Y todo estaba muy bueno. Tan bueno como estaban de frías las
cervezas (Zulia, naturalmente). Ayudaba a explicar porqué eran tan
robustos los mesoneros de pajarilla apretada y punzante sentido del
humor que circulaban entre las mesas ocupadas por no menos
corpulentos comensales. Y también a entender por qué es un lugar
donde se reúne la élite profesional zuliana y donde uno puede
encontrarse al rector de LUZ despachando desde ahí.
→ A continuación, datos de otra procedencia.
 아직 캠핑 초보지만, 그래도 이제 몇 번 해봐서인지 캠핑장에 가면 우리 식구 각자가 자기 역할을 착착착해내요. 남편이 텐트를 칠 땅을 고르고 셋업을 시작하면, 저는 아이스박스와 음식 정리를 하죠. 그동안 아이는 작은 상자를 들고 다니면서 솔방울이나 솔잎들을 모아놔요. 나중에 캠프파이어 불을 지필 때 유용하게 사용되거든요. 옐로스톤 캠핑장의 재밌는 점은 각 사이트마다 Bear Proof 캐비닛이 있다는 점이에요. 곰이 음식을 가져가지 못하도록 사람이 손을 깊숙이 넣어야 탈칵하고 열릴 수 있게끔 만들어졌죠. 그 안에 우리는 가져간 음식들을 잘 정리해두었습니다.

Se trata de la Fuente de Soda Irama. Mi guía, el escritor e historiador
Norberto José Olivar, la inmortalizó en su novela Un vampiro en
Maracaibo. Me explicó Norberto José que sobrevivió a la época de
las entrañables fuentes de soda que instalaron los extintos
automercados CADA; la Irama no era de CADA pero emulaba su
remotísimo aire de diner gringo, con una maravillosa decoración
setentosa que sobrevive entre las pantallas de plasma.
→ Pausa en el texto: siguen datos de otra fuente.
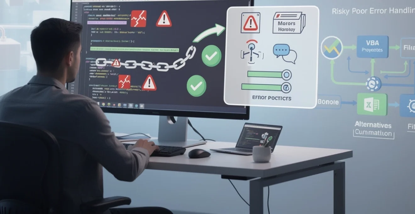 Sur le plan de la sécurité et de la robustesse, ignorer des erreurs peut conduire à des situations dangereuses : données partiellement mises à jour, fichiers non fermés, transactions inachevées, ou encore violation de règles métier. Dans un contexte d’automatisation de traitements financiers ou de reporting réglementaire, un On Error Resume Next mal placé peut entraîner des décisions prises sur la base de chiffres erronés, sans qu’aucune alerte ne soit déclenchée. La meilleure protection consiste donc à limiter strictement la portée de cette instruction, à toujours la désactiver ensuite avec On Error GoTo 0, et à vérifier systématiquement Err.Number dans les zones critiques.

Mis amigos me decían que no, que Maracaibo ha perdido mucho,
que ya no es la misma, que se ha ido transformando en algo
diferente, en algo más parecido al resto del país. Que ese Zulia
canónico que cuentan las gaitas es una idealización. Yo les replicaba
que para los que no somos zulianos, el Zulia sigue ostentando una
peculiaridad: un acento, un sentido del humor, un exceso comestible
como la macarronada. Y que la fuente de soda Irama, con ese menú
donde convivían los tequeños con el filet mignon y la pasta a la
boloñesa, y esas conversaciones tan maracuchas retumbando a mi
alrededor, confirma que Maracaibo es otra cosa, que no se ha
uniformado con esta geografía urbana de la modernidad que tiende
a hacer que todas las ciudades se parezcan demasiado entre sí.
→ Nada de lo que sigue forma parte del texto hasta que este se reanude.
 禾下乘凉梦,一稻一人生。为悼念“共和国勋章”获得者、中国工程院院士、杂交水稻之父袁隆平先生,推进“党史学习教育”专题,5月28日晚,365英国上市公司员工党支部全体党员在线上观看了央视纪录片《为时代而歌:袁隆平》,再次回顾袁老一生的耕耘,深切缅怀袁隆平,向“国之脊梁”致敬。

Irama me pareció no sólo un estupendo lugar donde comer –donde
comer sencillo, sabroso, abundante, sin pretensiones gourmet, sin
música chill out ni promotoras voluptuosas- sino también un
ejemplo de cómo lo local puede negociar con lo externo y lo viejo con
lo nuevo. Tiene sus mesoneros, su decoración y su menú de toda la
vida, pero un flamante aviso patrocinado por una empresa y sus
buenos televisores de plasma. Está en la esquina de una
urbanización, bien visibles y con puestos de estacionamiento, no en
un mall. Y lo que más me gustó, aparte de la parrilla de carne y pollo,
es que si la idea de partida es una importación, el resultado me
resultó tremendamente maracucho. Yo no soy zuliano, pero celebro
los regionalismos. Porque no quiero un país emparejadito como un
cuartel ni un mundo franquiciado. Quiero muchas Iramas,
congeladas en el tiempo, con sus cervezas bien frías.